さらには村の周囲には銀狼の証が刻まれているために危険は少ない。
それでもいざという時のために武器も準備はしてある。
「いってきまーす」
二人はウォルにまたがり森の中を駆け出す。
ウォルは風のように走る。すでに伐採はかなりの距離が終わっており、しばらくは走りやすい道を行く。あっという間に森の浅い部分、魔物などがうろつく危険エリアまでたどり着くが、ウォルは速度を落とすことなく木々の間をすり抜けていく。
キースは始めこそこの速度に慌てふためいていたが、今ではすっかり慣れたもので周囲の様子をうかがっている。
「魔物の気配はなさそうだな!!」
「そうだね!! ウォルの気配を感じたらみんな逃げ出すよ! 威圧しながら走ってくれているからね!」
「そうなのか、わからなかった!」
「背負われているからね、何なら今のウォルの前に立ってみる? きっとおしっこくらいは漏らすよ!!」
「や、やらねーよ!!」
その言葉はきっと嘘でも冗談でもないことをキースは知っている。
初めて一緒に狩りをしたとき、かなり離れた距離だったのにウォルの威圧の遠吠えで、少しだけ漏らしたことがあるからだ。もちろん秘密だ。匂いでばれていたが……
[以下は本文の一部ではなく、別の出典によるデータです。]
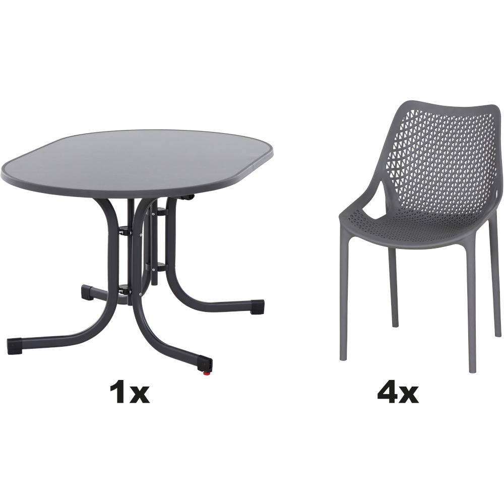 SIENA GARDEN Urban Lights Set 5teilig District gastrotauglich grau mit Tisch Paco 140x90

本人はすぐに川に足を滑らせたことにしてごまかせたと思っている。知らぬが仏。
「さて、出るよ!」
「ああ!!」
とうとう森の出口に差し掛かる。
アルテが森に落とされて、初めての森からの脱出。
とても大きな出来事だが、アルテ自身はキースと共に村を見に行くという目的のほうが大きくて、気にも留めていなかった。
彼の母が彼の存命を祈って森に全てを任せた日から8年。
この日はアルテ自身も忘れていたが、20歳の誕生日だった。